Eugene P. Dunlap (8 June 1848 – 29 March 1918) was an American Presbyterian missionary who worked in Siam (now Thailand) from 1875 to 1918. He and his wife contributed to the spread of Protestantism in the country, and assisted in the implementation of reforms in health and education.

== Biography ==
Eugene P. Dunlap was born on 8 June 1848 in New Castle, Pennsylvania. He graduated from Westminster College in 1871 and from Western Theological Seminary in 1874, and was then appointed a missionary by the Presbyterian Board of Foreign Missions.

He and his wife arrived in Bangkok to commence missionary work in Siam on 19 October 1875. On 31 October, he was admitted as a member to the Presbytery of Siam, and was posted to Samray, Bangkok, taking over the work of Rev. McDonald.

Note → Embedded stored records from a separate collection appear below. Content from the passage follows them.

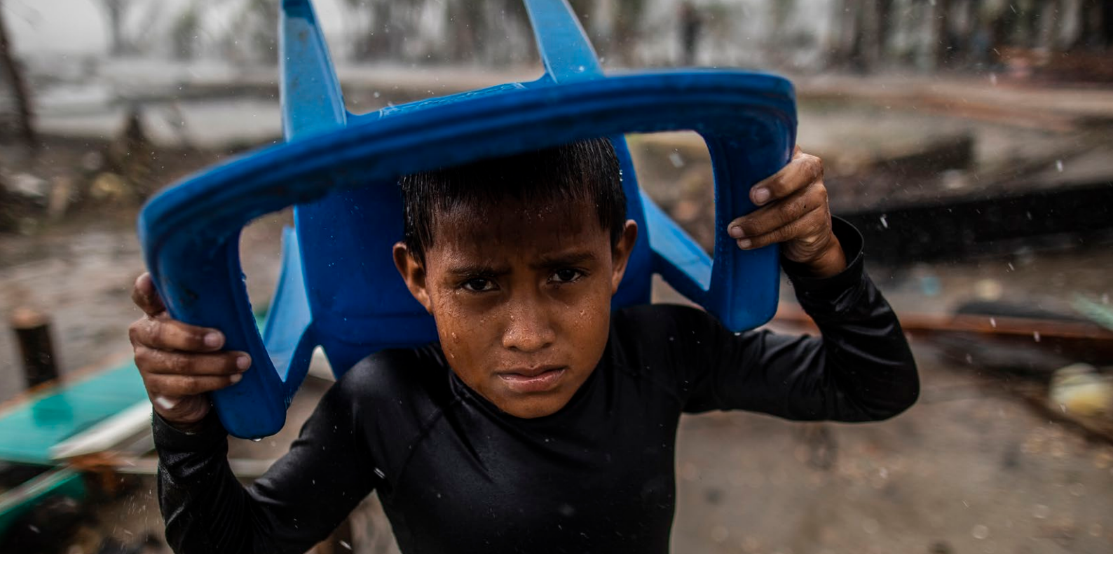
A child in Bilwi, Nicaragua, protects himself from the heavy rain with a plastic chair. He is standing in the spot where his house used to be, after it was destroyed by Hurricane lota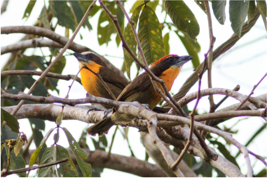
Scarlet-crowned Barbet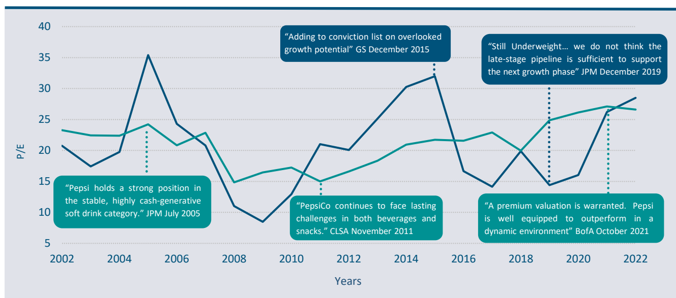
Figure 5: Annual P/E multiples for Astellas and PepsiCo, plotted over a 20-year period with selected snippets of broker commentary illustrating the contemporary and coincident cycles of both valuation and opinion.

But that may be harder than it sounds. If five years later, the shares are down, and the analyst commentary is negative, it will then be tempting to cut your losses and move back into something ‘better’ without the baggage of half-a-decade’s underperformance. These companies are easy to sell. Do this a few times and you’re locked into a cycle of repeating the mistake. None of this means it is never right to transact, but with a long-term approach, I suggest thinking hard before doing so. Impatient drivers who continually change lanes rarely make much progress.

Rather than work at the mission station, Dunlap and his wife preferred to spend most of their time travelling throughout the country meeting people and promoting the Christian faith, and offering care and medical treatment to the poor and sick, often spending 11 months of the year on their tours.

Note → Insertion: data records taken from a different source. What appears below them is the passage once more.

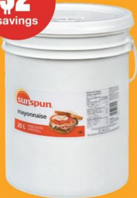
sunspun™ mayonnaise 20 L 21123869_EA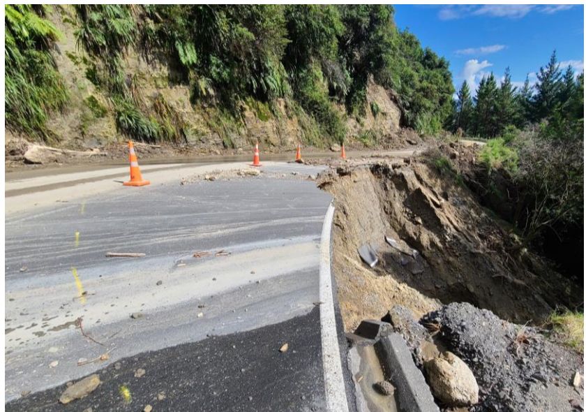
Photo: Cyclone damage at Devil's Corner, March 2023.

During the November closures, TREC will prepare the Devil's Corner site to make it safe and accessible for the people and machinery required for the main works.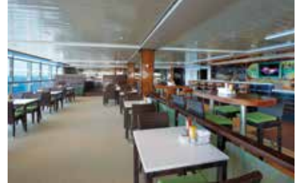
Uptown Bar & Grill

A premiere cigar shop and cigar lounge where patrons can light up in classic comfort. Seating capacity 15 (484 sq. ft.) (45 m 2 )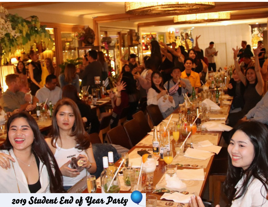
2019 Student End of Year Party 🎉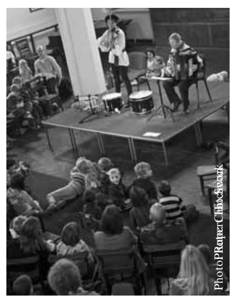
Peter and the Wolf at Brockley Max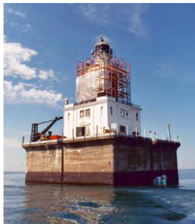
The DeTour Reef Light major exterior and interior restoration project is nearly complete.

NONPROFIT ORGANIZATION U.S. POSTAGE PAID DRUMMOND ISLAND MI 49726 PERMIT NO. 11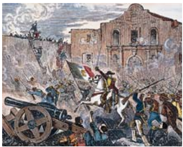
Henry Arthur McArdle conveys the brutality of the fighting in Dawn at the Alamo , painted between 1876 and 1883.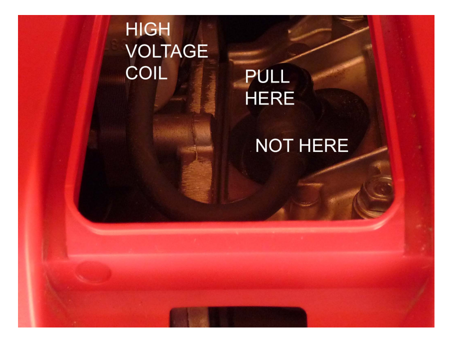
Figure 8. Spark plug cable

Carefully lift the spark plug cable from the spark plug. Do not pull on the cable . Hold the center of the circle and lift straight up.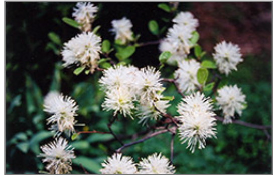
Blue Mist Fothergilla flowers

Blue Mist Fothergilla is recommended for the following landscape applications;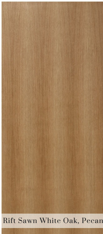
Rift Sawn White Oak, Pecan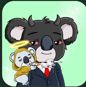
Joey Koalas, Zombie Koalas, & F1 Koalas 3 points

After establishing a mission in Phuket in 1910, he settled in Tap Teang (now Trang). There he formed a close relationship with Phya Rasada, the High Commissioner of Phuket, and worked with him on reforms to health and rural education in the area. When seriously ill, Dunlap saved his life and Phya Rasada responded by building a hospital. In education, he was appointed Special Commissioner of Public Schools and played an important role in the opening of new schools and improving the school system. Whilst visiting prisons he advised on the introduction of various measures to protect the health of inmates.

In 1913, he founded the first church in the region after the government donated land for the purpose, and was instrumental in obtaining official recognition for the first time that churches were legally permitted to purchase and hold land.

In 1916, his health began to deteriorate and he died at Trang on 29 March 1918 leaving a widow and five children.